Drunk people are obnoxious. This is particularly true when said drunkards are your friends. While drunk strangers can be easily ignored – or at the very least easily left behind – you are stuck with your drunk friends. You have a certain responsibility toward your drunk friends. You have little choice but to valiantly suffer the slings and arrows of their drunken ramblings, drunken rages, and sudden drunken needs to collapse upon your shoulder like giant loose sacks of drunken ground beef. And, through some unexplored mystery of the universe, when you are a sober designated driver you become the focus of all drunken misbehavior.
Last night, two other Cellar Dwellers and I convened at a local watering hole in the quaint locale of Chippewa, Pennsylvania. For those who do not know Chippewa is a Native American word meaning “suburban development”. Well, it quickly became apparent that some of us were in a drinkin’ adventurin’ mood. So, my two compadres – whose anonymity I shall protect by referring to them as Boe and Jen – and I struck upon the ambitious plot of drinking our way to Ohio. After reconvening at Boe’s house, we all piled into the Maroon Zoom – my happening automobile – and headed into the great unchartered Western lands toward that mysterious, quasi-legendary land of Ohio.
We made a few quick perfunctory stops in good ol’ PA. We were silent bar assassins, moving through the inky night, appearing only for the briefest moments in order to zero in on our kill. In this case ‘our kills’ were usually a quick shot or a beer. Then we were back out into the foreboding night. The siren call of drinking the same beer in Ohio that we could drink in Pennsylvania at roughly the same price was overwhelming.
So, onto Ohio we traveled. Of course by this time, in strict keeping with my position of DD, I had stopped drinking. Boe and Jen however were completely undeterred. They poured beers, Jack and Cokes, and various ill-advised shots down their gullets with detrimental abandon. As the noxious potables took their effects, my companions' moods became noticeably changed. They become looser, louder, and truer to their base selves. In short, they became assholes.
I hate to name names but one friend – Jen – became particularly insufferable. While Boe was content to shoot other drunks – or as he refers to them ‘his people’ – in sloppy games of pool, I was left to entertain Jen all by my lonesome. Jen – for lack of a better term – was smashed. He was sloppy. He was by turns goofy and belligerent. I tried to keep him occupied with the jukeboxes at various establishments. This worked ok for a while, but eventually both he and I ran out of quarters and dollar bills. Then I had to listen to his play by play of all the songs he chose and why.

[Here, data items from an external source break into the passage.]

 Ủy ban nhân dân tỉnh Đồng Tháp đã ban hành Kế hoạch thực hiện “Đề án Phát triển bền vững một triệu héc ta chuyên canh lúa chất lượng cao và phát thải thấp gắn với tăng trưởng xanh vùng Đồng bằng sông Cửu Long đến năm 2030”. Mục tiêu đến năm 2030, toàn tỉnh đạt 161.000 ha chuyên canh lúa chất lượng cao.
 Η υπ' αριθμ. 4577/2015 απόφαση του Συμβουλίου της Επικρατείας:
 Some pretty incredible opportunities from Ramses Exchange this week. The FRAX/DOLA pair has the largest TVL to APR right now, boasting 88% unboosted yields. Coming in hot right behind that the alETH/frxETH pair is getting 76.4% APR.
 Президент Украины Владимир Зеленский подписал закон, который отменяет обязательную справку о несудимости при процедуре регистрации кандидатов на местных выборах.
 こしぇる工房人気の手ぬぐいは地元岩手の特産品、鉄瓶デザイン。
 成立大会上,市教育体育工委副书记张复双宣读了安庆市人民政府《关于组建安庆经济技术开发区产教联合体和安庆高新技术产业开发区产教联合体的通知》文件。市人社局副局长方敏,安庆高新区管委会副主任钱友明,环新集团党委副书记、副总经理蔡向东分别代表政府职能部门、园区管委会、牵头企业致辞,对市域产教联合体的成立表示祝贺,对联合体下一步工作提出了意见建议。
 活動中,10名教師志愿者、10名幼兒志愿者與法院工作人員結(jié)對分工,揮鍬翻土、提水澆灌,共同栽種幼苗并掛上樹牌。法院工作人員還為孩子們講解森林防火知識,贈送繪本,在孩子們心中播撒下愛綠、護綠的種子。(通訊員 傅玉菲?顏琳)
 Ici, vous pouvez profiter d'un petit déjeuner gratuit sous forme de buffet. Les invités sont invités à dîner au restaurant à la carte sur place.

At one point, I decided to call my girlfriend – who for blog purposes I shall refer to as The Wonderful One – since she lives a long way away and I miss her. Of course, Jen insisted upon taking the phone from me and began complaining loudly and incoherently about this particular jukebox in this particular bar. This went on a much longer than I would have anticipated. Thankfully, The Wonderful One seemed amused by Jen’s drunken ramblings. Although, she did note that Jen was way too intoxicated to work a jukebox – The Wonderful One is very particular about her music and does not trust it in the hands of the wasted.

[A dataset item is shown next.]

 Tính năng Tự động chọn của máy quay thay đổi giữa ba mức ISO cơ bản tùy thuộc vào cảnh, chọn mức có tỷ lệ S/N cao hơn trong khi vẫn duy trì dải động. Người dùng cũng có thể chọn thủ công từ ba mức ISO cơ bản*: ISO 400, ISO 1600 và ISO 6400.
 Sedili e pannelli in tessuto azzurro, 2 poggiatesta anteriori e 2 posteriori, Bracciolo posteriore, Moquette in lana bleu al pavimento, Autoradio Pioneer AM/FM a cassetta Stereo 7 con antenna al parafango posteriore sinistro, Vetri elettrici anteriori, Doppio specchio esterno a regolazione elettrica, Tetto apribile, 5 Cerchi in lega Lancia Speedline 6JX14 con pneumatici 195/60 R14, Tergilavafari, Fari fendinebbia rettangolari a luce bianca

Eventually, the hour grew late and we decided it was time to once again heed the call of the road taking us back to our native land. Now, when you’re a DD, the drive home is where the real fun begins. You see, for some reason – I think it may be encoded into the male DNA somewhere – as soon as drunk friends get into a buddies car, things get stupid. Almost immediately, Jen began slapping me – hard – on my right shoulder from the back seat. I tried to explain in the nicest terms at my disposal that I was driving and could kill all of us if he insisted upon distracting me. Jen kept on slapping. I still can’t lift my right arm above ninety degrees. Eventually, Jen got bored with me and began slapping Boe in the back of the head or something – I wasn’t looking, but every so often I heard Boe exclaim ‘Ow, you F---‘. Boe began rambling on about making pancakes – or something – it was pretty choppy. At some point, someone began throwing pretzels around the car. So, now pretzel shrapnel covers almost all the plush maroon interior of my auto.
I did manage to arrive safely back at Boe’s estate to deposit my buds to their slumber. After practically lifting Jen out of the back seat, everyone got inside in one piece. Jen did, however, have the sudden desire to race to the door. Once inside, Boe and Jen began cuddling on the couch. This is odd because they are both boys – Jen’s just code for Ben. Then Jen crawled to a separate couch and fell dead away. Boe was passed out precariously one-third on the couch, one-third on the coffee table, and one-third suspended in mid-air. I thought I might want to rearrange him, but decided I didn’t really care. I drove home to sleep in the peace and comfort of my own bed.
So, take this as a warning all you potential DD’s out there. It is a perilous job fraught with untold dangers, annoyances, and douche-baggery. It is not for the weak nor is it for the faint of heart. It is a job for real men, men who are at least 120% man. It is also not a job for someone without a vacuum to clean up pretzel bits from throughout his vehicle.